:: INPUT ::
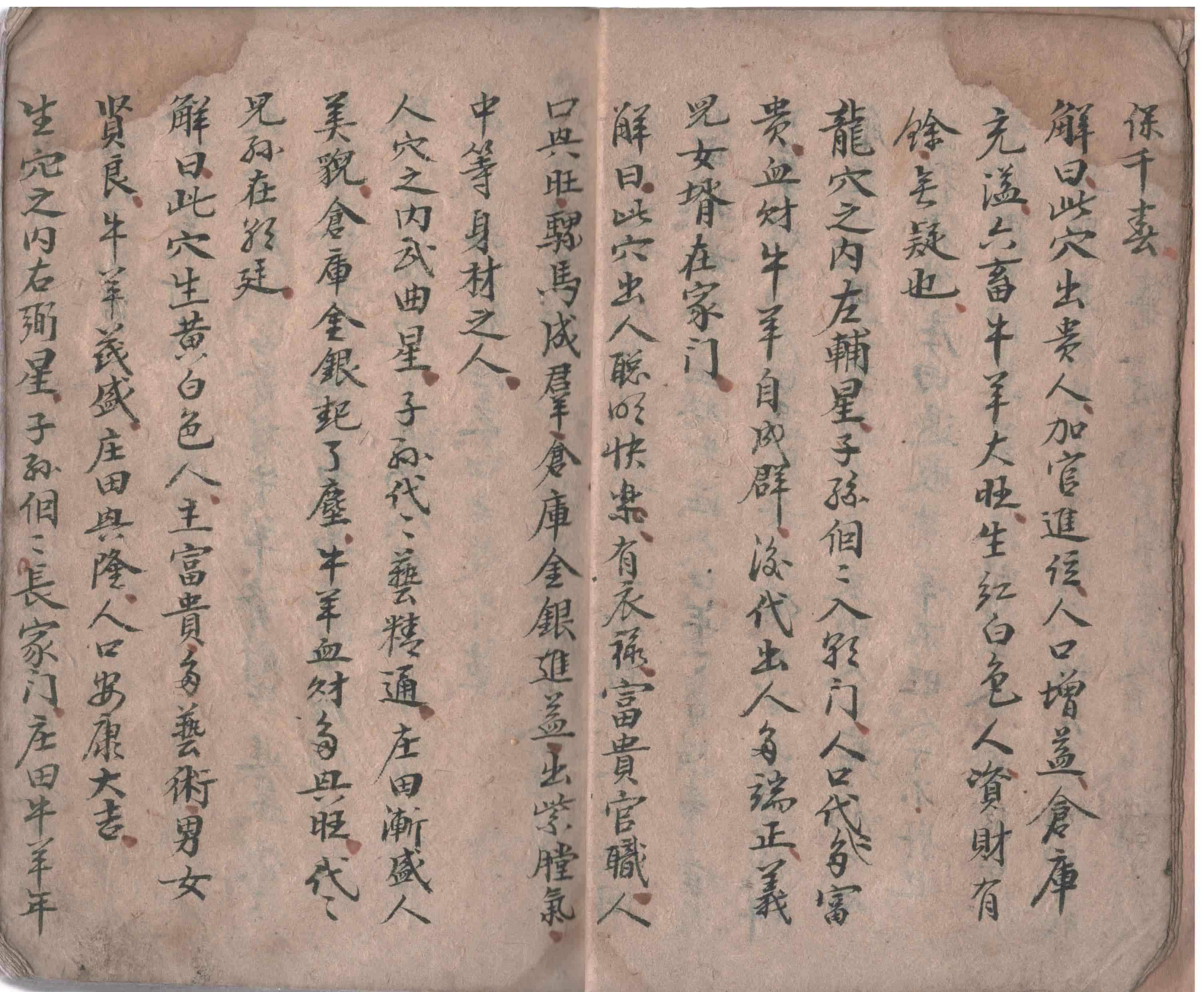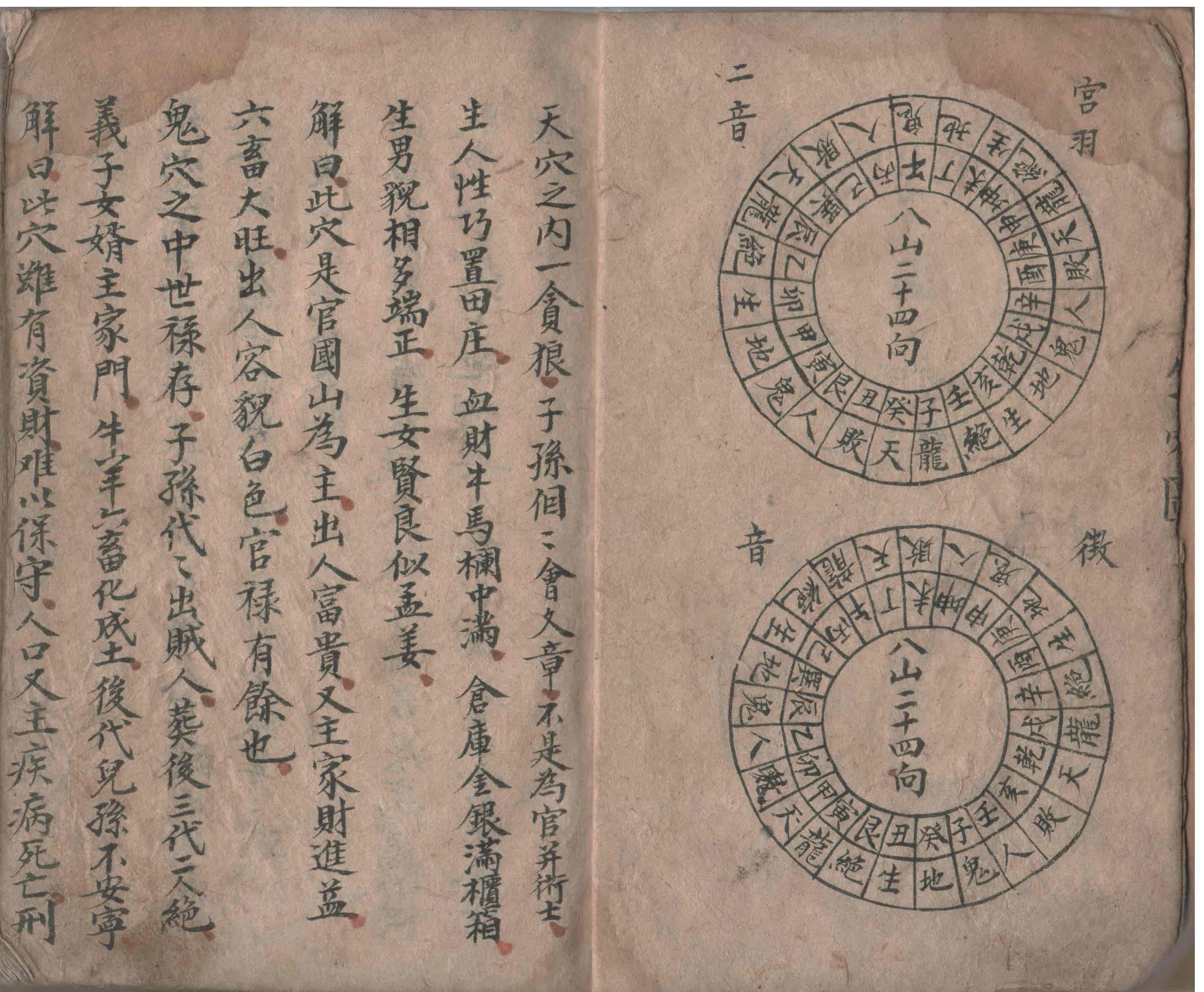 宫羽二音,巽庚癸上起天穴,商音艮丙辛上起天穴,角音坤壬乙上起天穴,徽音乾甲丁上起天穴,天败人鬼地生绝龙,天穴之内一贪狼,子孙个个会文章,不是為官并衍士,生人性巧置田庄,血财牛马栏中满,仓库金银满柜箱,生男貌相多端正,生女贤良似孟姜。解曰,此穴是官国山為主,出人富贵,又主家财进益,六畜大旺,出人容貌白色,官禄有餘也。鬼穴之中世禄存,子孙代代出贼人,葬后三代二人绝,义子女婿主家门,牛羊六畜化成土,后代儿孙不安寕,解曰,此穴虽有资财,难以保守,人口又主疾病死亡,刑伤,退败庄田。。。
:::
:: INPUT ::
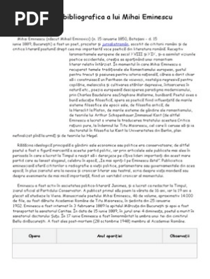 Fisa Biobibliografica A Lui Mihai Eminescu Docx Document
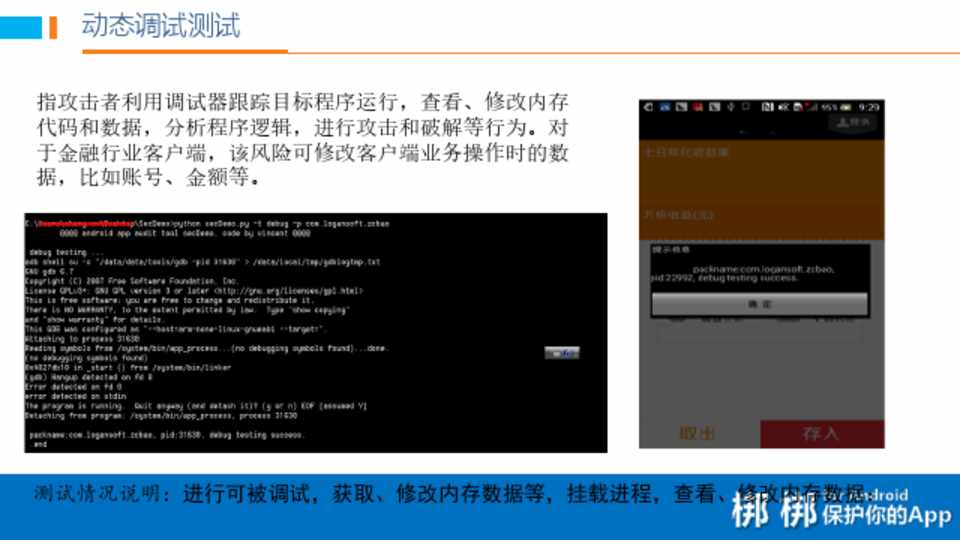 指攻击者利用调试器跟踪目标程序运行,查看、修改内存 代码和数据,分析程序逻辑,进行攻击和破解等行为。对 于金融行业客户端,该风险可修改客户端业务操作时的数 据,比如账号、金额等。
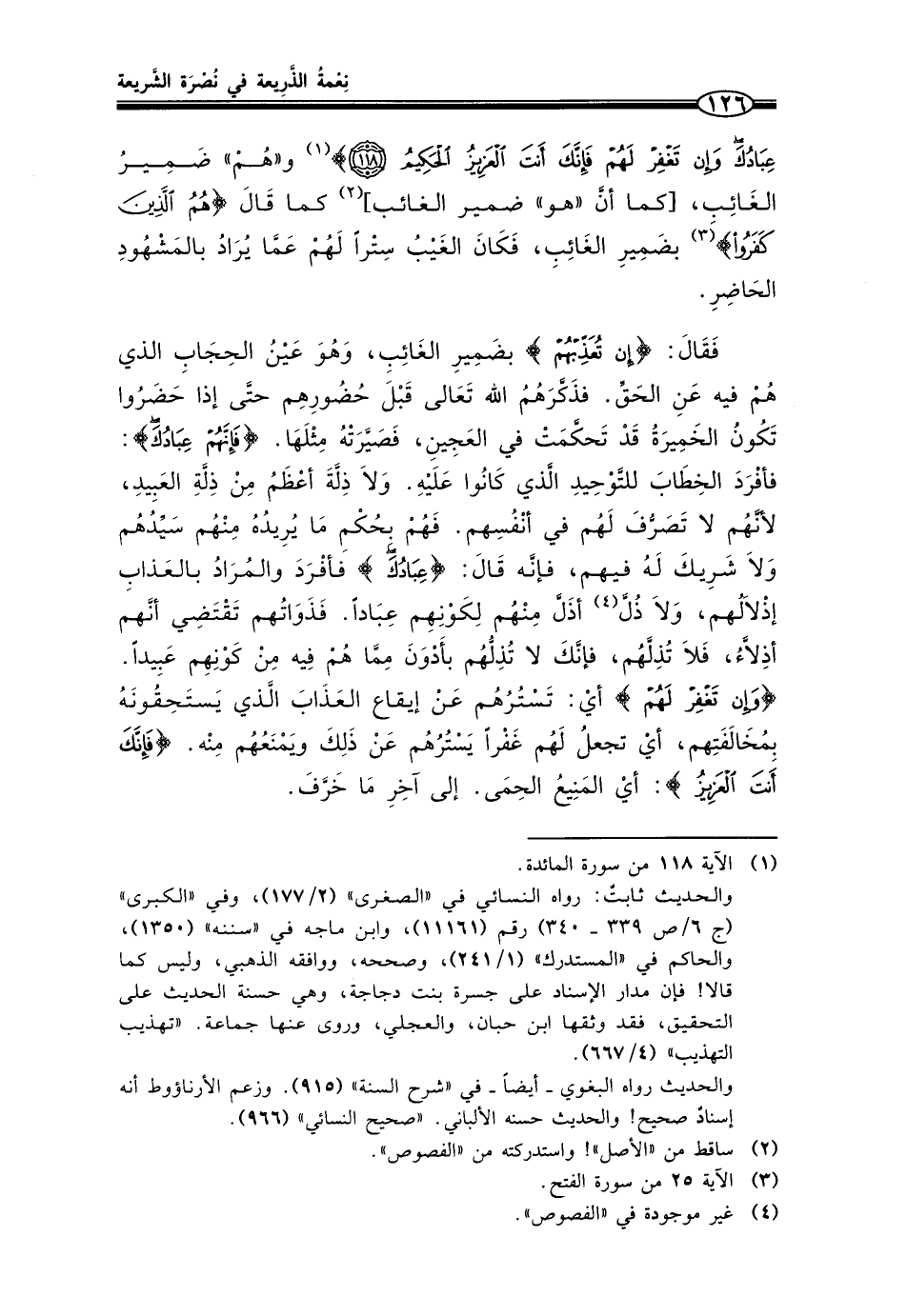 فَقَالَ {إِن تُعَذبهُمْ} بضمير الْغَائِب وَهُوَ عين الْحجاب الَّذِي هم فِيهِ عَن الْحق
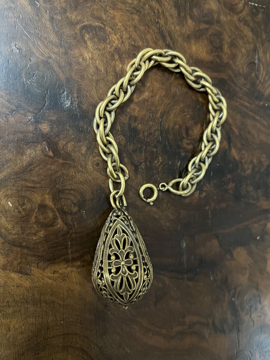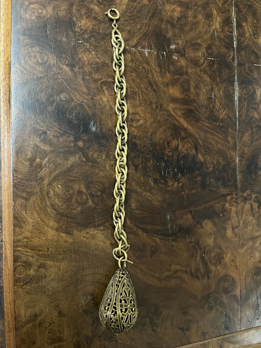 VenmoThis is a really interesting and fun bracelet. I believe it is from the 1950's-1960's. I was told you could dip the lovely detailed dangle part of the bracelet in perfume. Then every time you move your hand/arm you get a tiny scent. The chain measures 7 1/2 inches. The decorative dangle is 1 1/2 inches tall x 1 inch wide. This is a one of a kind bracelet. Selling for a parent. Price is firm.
:::
:: INPUT ::
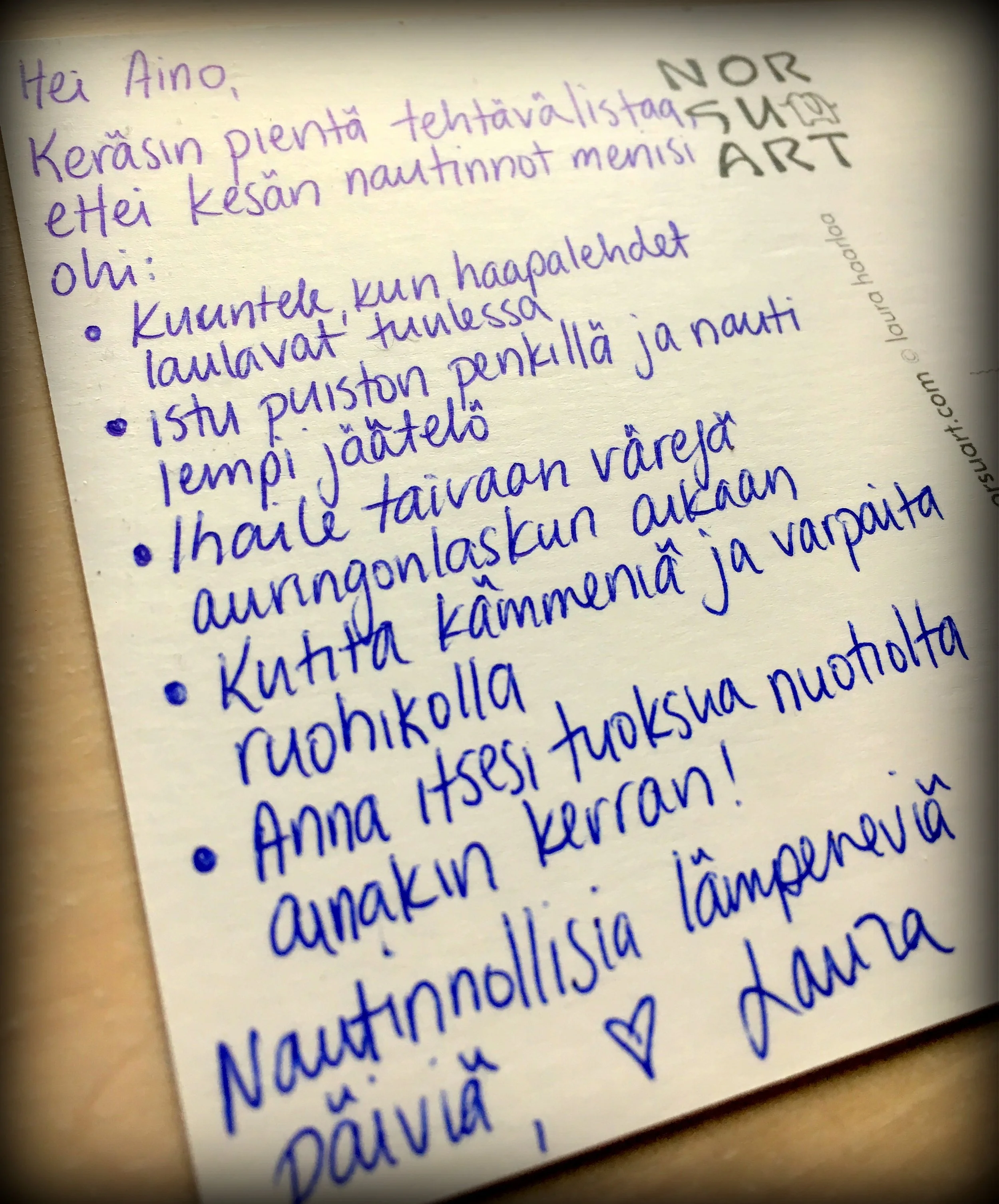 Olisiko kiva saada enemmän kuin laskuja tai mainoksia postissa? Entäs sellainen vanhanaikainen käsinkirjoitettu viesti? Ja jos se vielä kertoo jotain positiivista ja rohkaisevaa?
:::
• **EXERCISE DESCRIPTION**
Copy word for word the lines of the records above from the one with "指攻击者利用调试器跟踪目标程" up to and including the one with "فِيهِ عَن الْحق". Skip the pictures.

• **RESULT**
 指攻击者利用调试器跟踪目标程序运行,查看、修改内存 代码和数据,分析程序逻辑,进行攻击和破解等行为。对 于金融行业客户端,该风险可修改客户端业务操作时的数 据,比如账号、金额等。
 فَقَالَ {إِن تُعَذبهُمْ} بضمير الْغَائِب وَهُوَ عين الْحجاب الَّذِي هم فِيهِ عَن الْحق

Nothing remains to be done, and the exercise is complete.